# What is being asked:
Look below for the line that has "前へ 次へ お客様の声一覧を見る"; output exactly from it through the line that has "7-Piece Ceramic Canister", and leave the pictures out.

# Data excerpts:

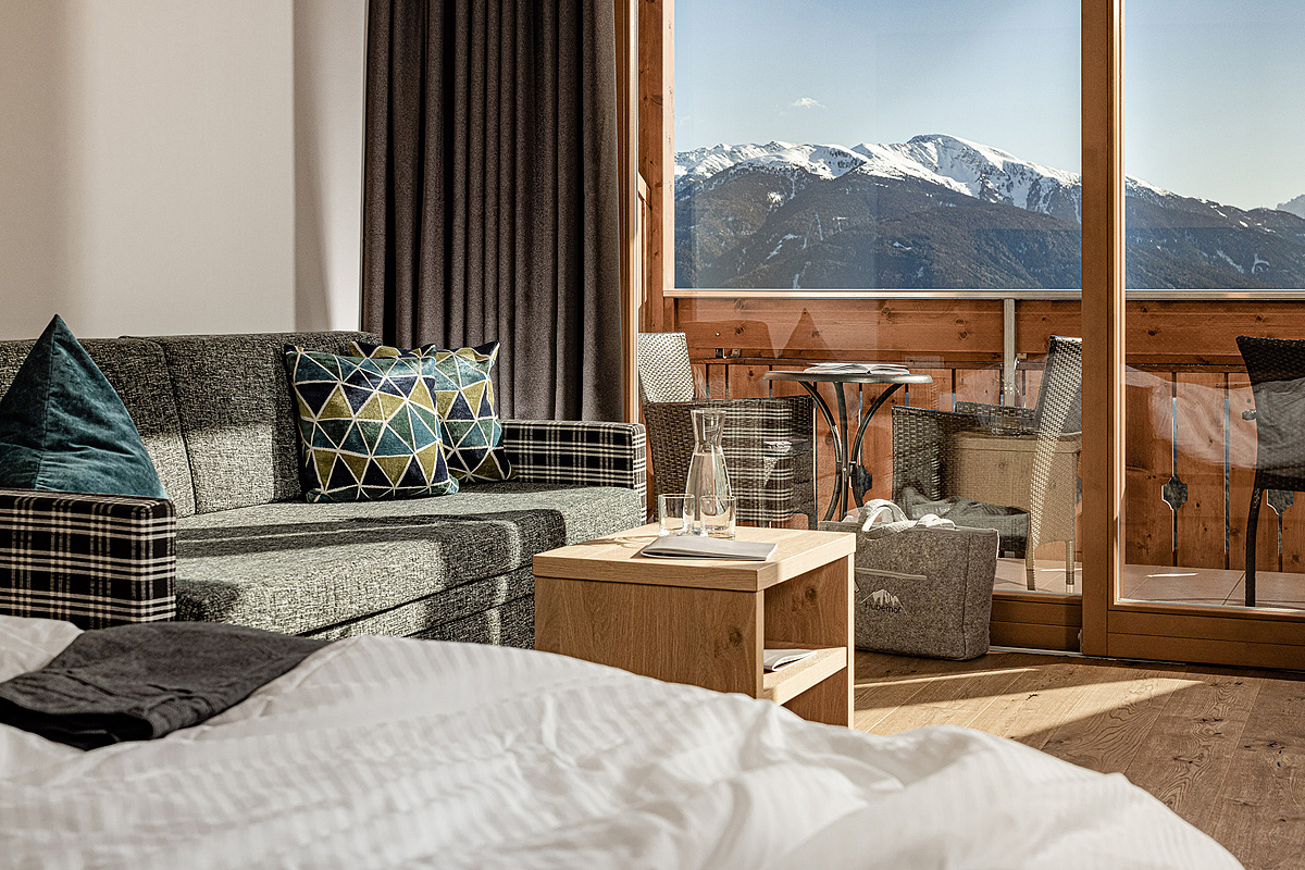 31 m² - pokoj s manželskou postelí, sociální zařízení se sprchou, balkon s výhledem na hory
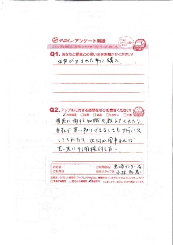 お車のご相談・ 査定だけでもOK! カンタン 入力 30秒 アップルがブランド買取始めました! お電話でも受付中! 受付時間10:00 ~ 18:30 0120-556-522 お車のご相談・ 査定だけでもOK! カンタン 入力 30秒 アップルがブランド買取始めました! お電話でも受付中! 受付時間10:00 ~ 18:30 0120-556-522 アップルがブランド買取始めました! お電話でも受付中! 受付時間10:00 ~ 18:30 0120-556-522 店舗情報 在庫車 スタッフ紹介 ブログ お客様の声 キャンペーン お得 無料査定 click お客様の声 ご記入日: 2013/08/02 K様 査定の関する知識を教えてくれたり、自社で買い取りできなくてもアドバイスしてくれたり次、何か用事あれば真っ先に利用検討したい。 前へ 次へ お客様の声一覧を見る
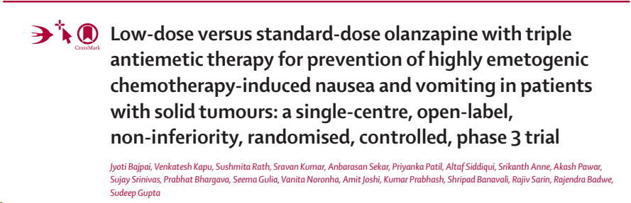 一项临床研究纳入275例接受多柔比星+环磷酰胺或顺铂治疗的实体瘤患者(267例纳入改良意向性治疗人群,其中乳腺癌患者占比91%),将其随机分配至2.5 mg奥氮平组(n=132)或10 mg奥氮平组(n=135)接受CINV预防。患者同时联合使用5-羟色胺3受体拮抗剂(5-HT3 RA)+神经激肽1受体拮抗剂(NK1 RA)+地塞米松进行预防。研究于首次化疗开始后对患者进行120 h的观察并记录症状,旨在比较2.5 mg奥氮平和10 mg奥氮平用于CINV预防的有效性。
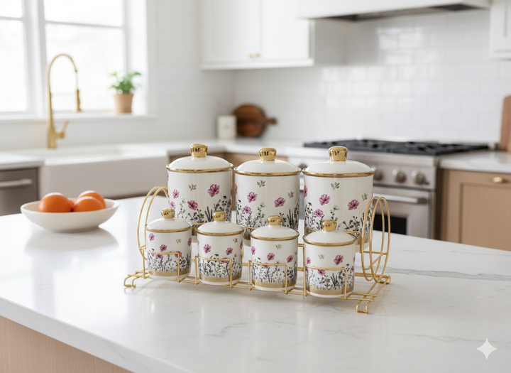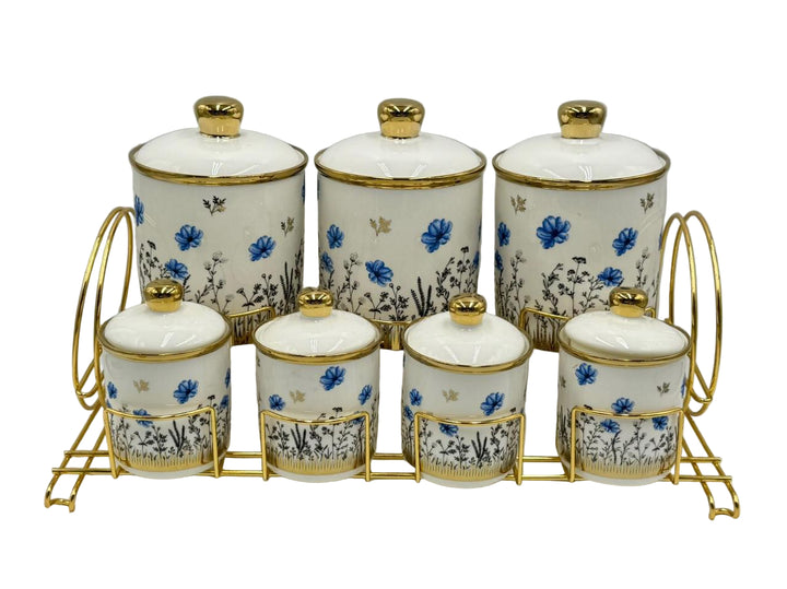 7-Piece Ceramic Canister Set with a Gold-Tone Rack
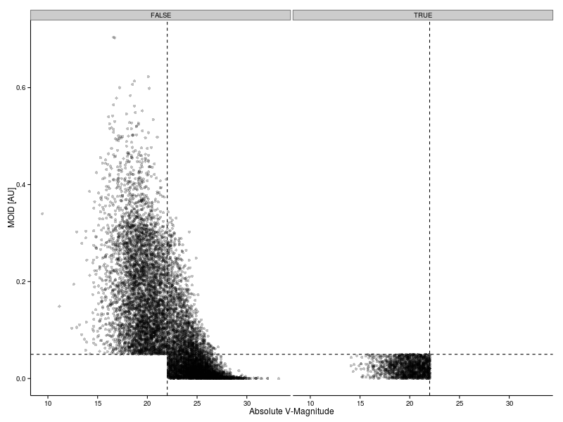 Here we can see that the orbital parameters for the four different classes are well differentiated and that we should be able to easily classify a new object. There does not seem to be a clear distinction between objects which are or are not potentially hazardous. Why is that? Objects are considered hazardous if (i) they are likely to make a close approach to the Earth and (ii) are large enough to cause significant devastation. Effectively an object is defined as hazardous if it has a MOID of 0.05 AU (approximately 20 times the distance between the Earth and the Moon) or less and absolute magnitude less than 22 (approximately 150 m in diameter). This distinction is clarified in the plot below.
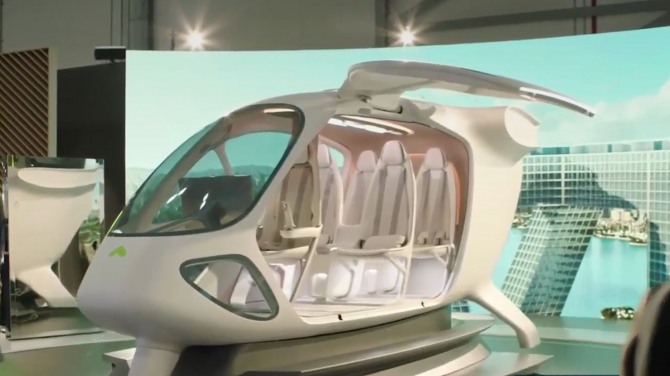 이 콘셉트 모델은 자동차 내장 디자인 요소를 차용해 직관적이고 단순하면서도 세련된 디자인을 갖추고 있다. 또 나비의 생체 구조에서 영감을 얻은 5인승 시트 디자인은 미래적인 모습으로 기존 항공 모빌리티와 차별점을 강조했다. 친환경 소재도 대거 활용했다.
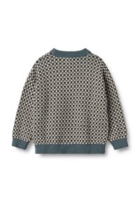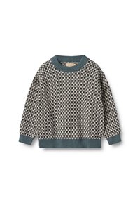 Pull en maille à manches longues pour enfants avec poignets et col bleus, présentant un petit motif à carreaux en crème, bleu et noir.
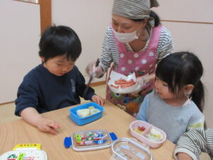 お次は、お弁当の準備!!保育園で作ってもらったお弁当を、自分のお弁当箱に詰めてもらいました🍙どの子も、ワクワクしている姿が、とっても可愛かったです💕
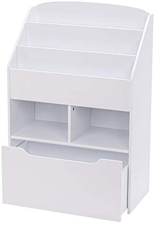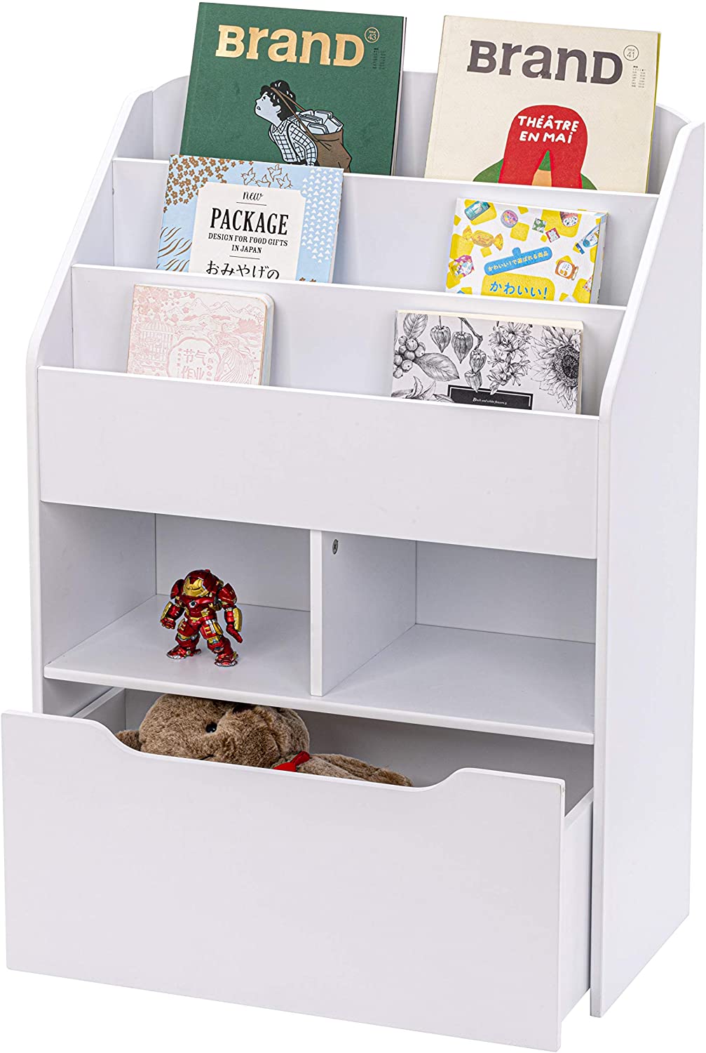 UTEX Kids Bookshelf and Toy Storage Organizer Kids Book Organizer Bookcase Storage for Kids with Rolling Toy Box White
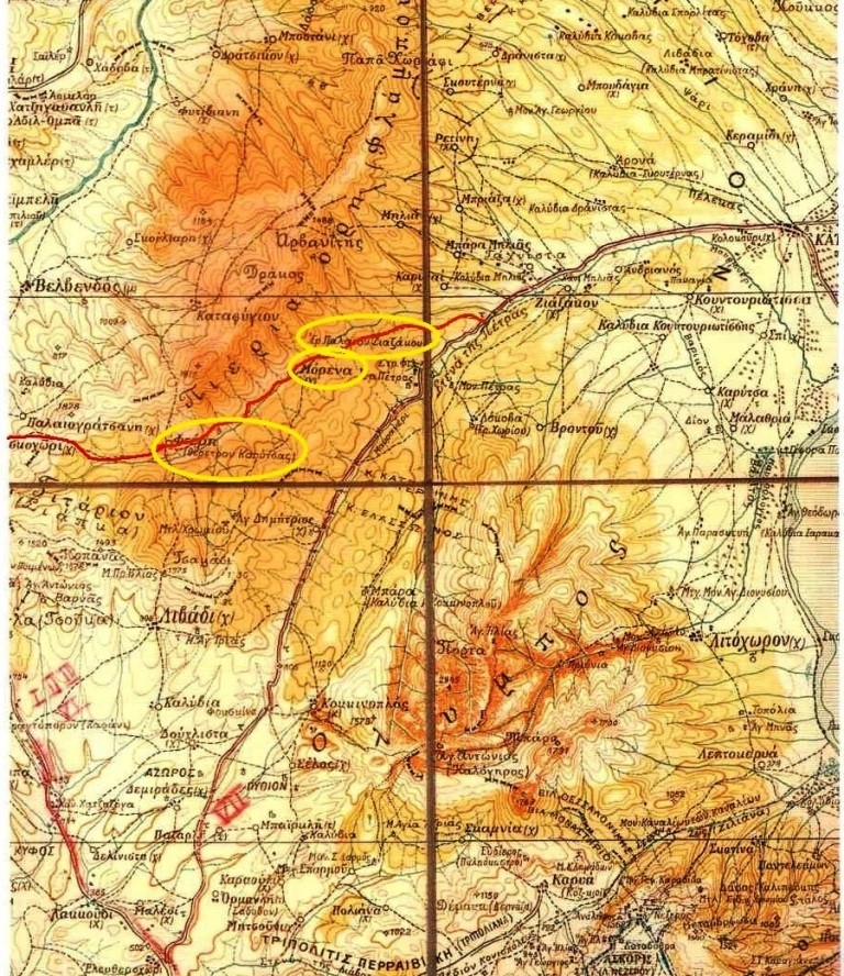 Φωτ. 4 Λεπτομερής χάρτης του 1910 της περιοχής όπου αποτυπώνεται (Κόκκινη γραμμη) ο δρόμος που διερχόταν από το Παλιοζάζιακο, τη Μόρνα και την Φτέρη (Θέρετρο Καρίτσας) Έκδοση Κοντογόνη 1910.
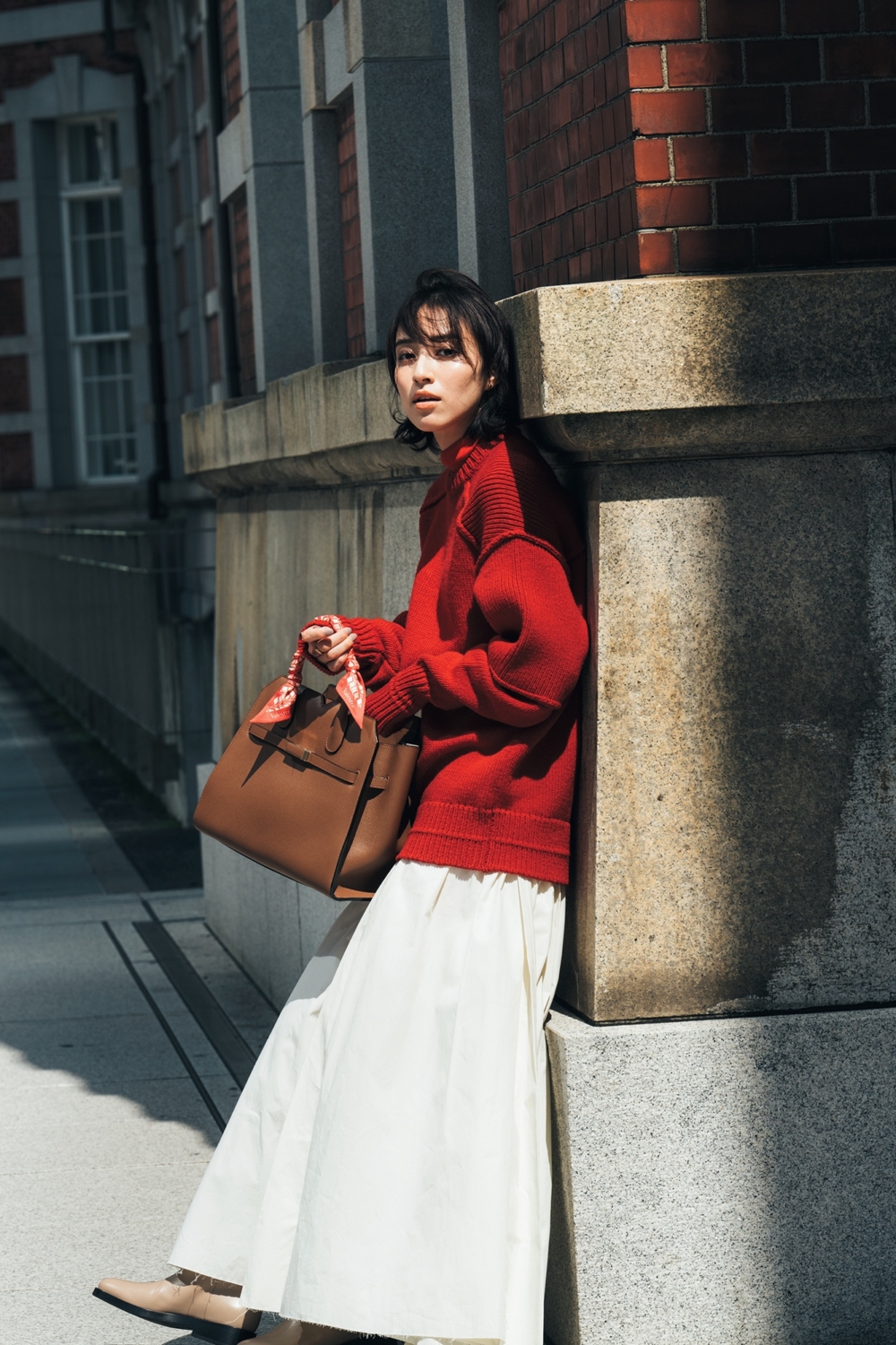 お出かけしたくなるロマンチックなコーディネート。赤ニットにスカートを合わせるなら、コットンやシャカシャカといったカジュアル素材のものを選ぶと適度に抜けが出て大人っぽく仕上がります。なかに着たハイネックニットとプルオーバーニットはシンゾーン、スカートはエトレトウキョウ、バッグはヴァレクストラ、ブーツはペリーコのもの。
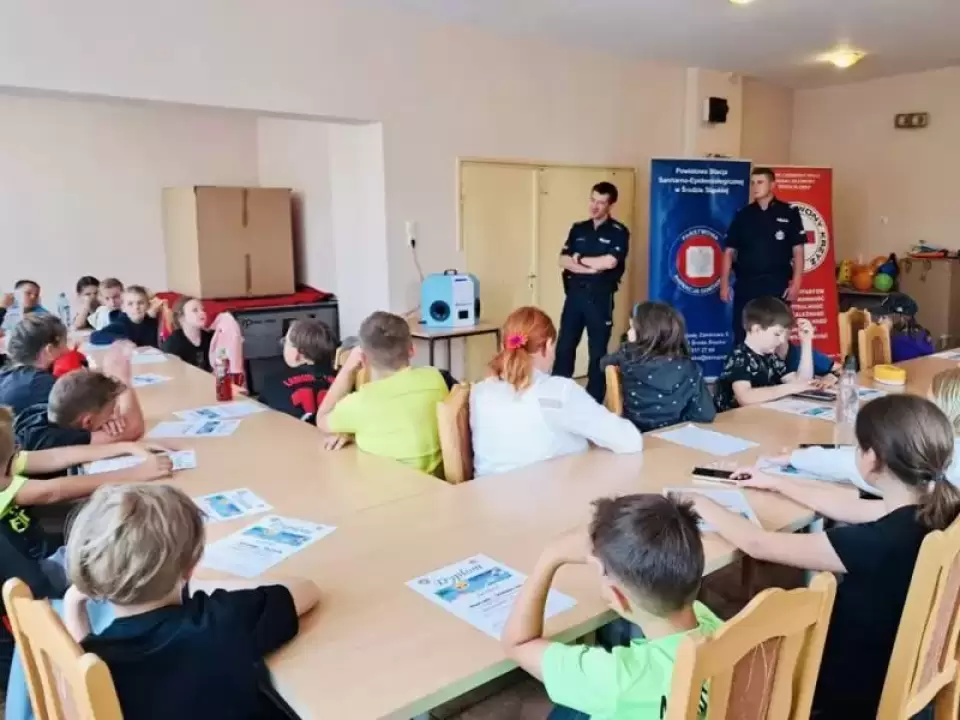 Dzielnicowi z Posterunku Policji w Kostomłotach odwiedzili Gminny Ośrodek Kultury w Kostomłotach, gdzie organizowana jest półkolonia dla najmłodszych. Tam policjanci spotkali się z dziećmi, aby przeprowadzić pogadankę dotyczącą bezpiecznych wakacji w ramach akcji "Kręci mnie bezpieczeństwo w lecie".

# Exercise answer:
 お車のご相談・ 査定だけでもOK! カンタン 入力 30秒 アップルがブランド買取始めました! お電話でも受付中! 受付時間10:00 ~ 18:30 0120-556-522 お車のご相談・ 査定だけでもOK! カンタン 入力 30秒 アップルがブランド買取始めました! お電話でも受付中! 受付時間10:00 ~ 18:30 0120-556-522 アップルがブランド買取始めました! お電話でも受付中! 受付時間10:00 ~ 18:30 0120-556-522 店舗情報 在庫車 スタッフ紹介 ブログ お客様の声 キャンペーン お得 無料査定 click お客様の声 ご記入日: 2013/08/02 K様 査定の関する知識を教えてくれたり、自社で買い取りできなくてもアドバイスしてくれたり次、何か用事あれば真っ先に利用検討したい。 前へ 次へ お客様の声一覧を見る
 一项临床研究纳入275例接受多柔比星+环磷酰胺或顺铂治疗的实体瘤患者(267例纳入改良意向性治疗人群,其中乳腺癌患者占比91%),将其随机分配至2.5 mg奥氮平组(n=132)或10 mg奥氮平组(n=135)接受CINV预防。患者同时联合使用5-羟色胺3受体拮抗剂(5-HT3 RA)+神经激肽1受体拮抗剂(NK1 RA)+地塞米松进行预防。研究于首次化疗开始后对患者进行120 h的观察并记录症状,旨在比较2.5 mg奥氮平和10 mg奥氮平用于CINV预防的有效性。
 7-Piece Ceramic Canister Set with a Gold-Tone Rack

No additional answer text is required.